The house was large but uncluttered by furniture, making the search go more quickly than I had expected. I finished checking the downstairs and attached garage in a few minutes.

I started up the staircase, each step hesitant. Though I had no reason to doubt the integrity of the steps, I still expected them to shift beneath my feet.

Halfway up, at the landing, the staircase angled to the left, thwarting the streetlight’s glow. I paused on the steps and turned on my flashlight. I swept the beam up the stairs, toward the doors of the second-story bedrooms. One door was open, but the beam died at the room’s threshold. The other doors were closed.

I took a moment to survey my surroundings. Nails trailed the staircase walls like drunken ants, marching up in an uneven line but going nowhere. Dozens of family photos had hung there once, the memories lingering in the outlines where the frames had protected the paint from the sun. Would the walls in my own home soon look like this?

I kept the flashlight’s beam at waist height as I climbed the last few stairs. I walked through the open door first. A bathroom. The shower curtain had been removed. I checked the drawers. Empty.

Next, I checked the bedrooms that, judging by the pastel zoo animals in one and glow-in-the-dark stars in the other, had probably belonged to the children. In the room with the stars, a garbage bag sat propped in the corner. I dumped its contents on the floor. I unwadded each ball of paper, looked inside a child’s discarded sneaker, shook the broken action figures, even sniffed the discarded tube of acne cream. When I was done, I scooped the debris back into the bag. It didn’t feel right to leave a mess.
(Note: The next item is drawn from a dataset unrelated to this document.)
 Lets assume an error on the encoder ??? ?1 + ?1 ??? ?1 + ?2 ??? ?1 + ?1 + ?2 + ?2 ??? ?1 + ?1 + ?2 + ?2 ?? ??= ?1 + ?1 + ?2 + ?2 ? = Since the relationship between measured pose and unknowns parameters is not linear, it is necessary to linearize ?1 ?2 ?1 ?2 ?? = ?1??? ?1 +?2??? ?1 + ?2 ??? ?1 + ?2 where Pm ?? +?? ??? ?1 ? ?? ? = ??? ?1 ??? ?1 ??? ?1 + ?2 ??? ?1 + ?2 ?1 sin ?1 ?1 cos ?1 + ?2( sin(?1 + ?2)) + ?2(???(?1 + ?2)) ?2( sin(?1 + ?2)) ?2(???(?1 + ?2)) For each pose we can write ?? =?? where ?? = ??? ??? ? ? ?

I saved the master bedroom for last, and my heart thudded as I approached its closed door. I held my breath as I pushed it open.
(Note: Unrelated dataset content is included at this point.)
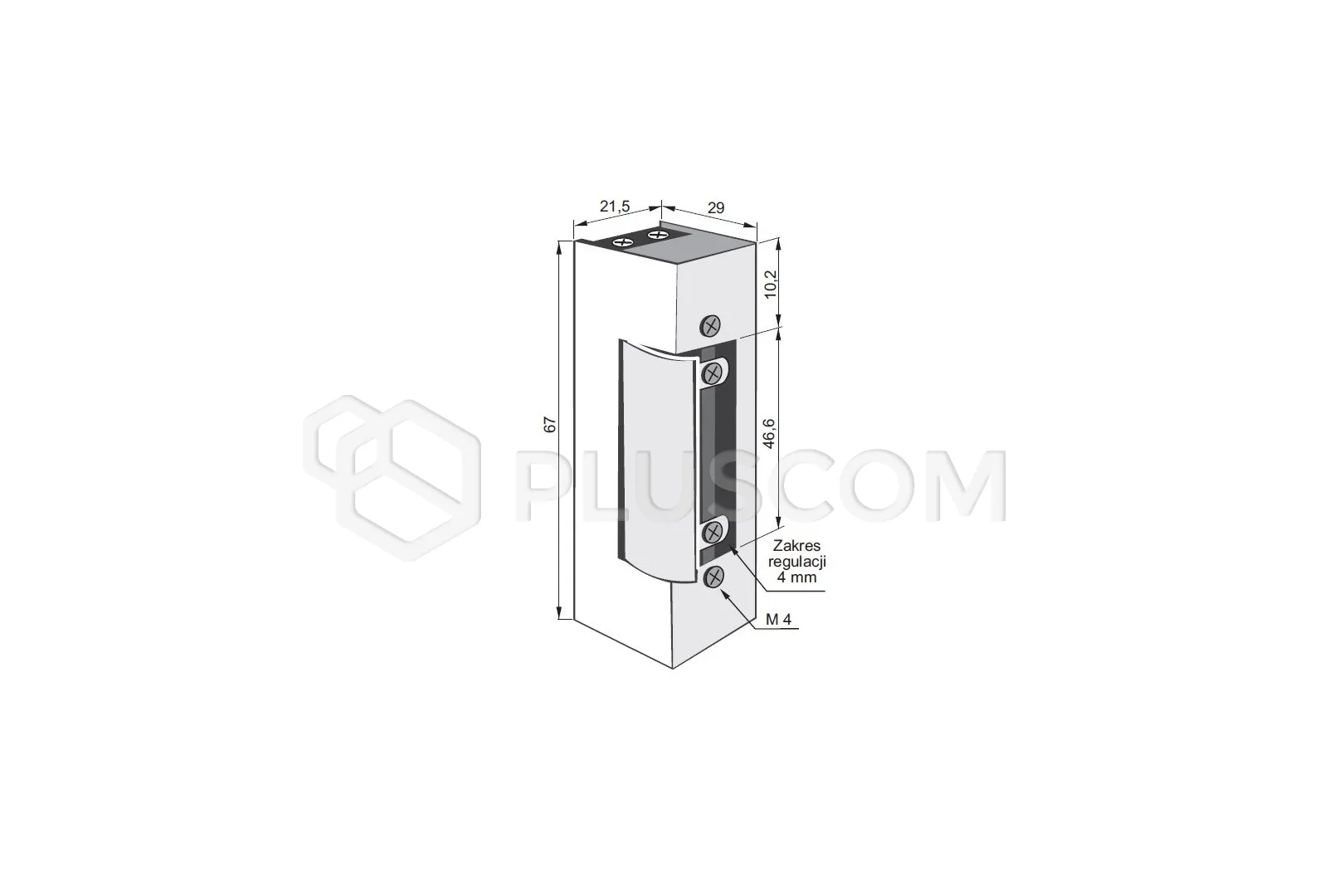 - . Ses dimensions compactes (67 mm de hauteur et 20,5 mm de largeur) en font un gâche électrique idéal pour une installation sur des profilés de porte étroits

Unlike the other rooms, this bedroom was furnished, barely. A single pair of plaid curtains hung in the window that faced the street. A king-size bed remained, although it had been stripped of its linens. I stood there, frozen, staring at that bed. I tried not to think of a reason it alone would remain in the otherwise empty house.

I turned away from the bed toward the walk-in closet. Even the poles had been removed, their holders unscrewed from the walls.

I opened the door to the master bathroom. Sadness lived in the other parts of the home—the picture nails, the discarded toys, a single forgotten mug in the kitchen—but in the master bathroom, there were glimpses of rage. One hole in the wall was the size of a fist, another one the shape of a boot. Someone had also thrown a hammer at the shower’s glass door, shattering it. The hammer remained in the puddle of shards.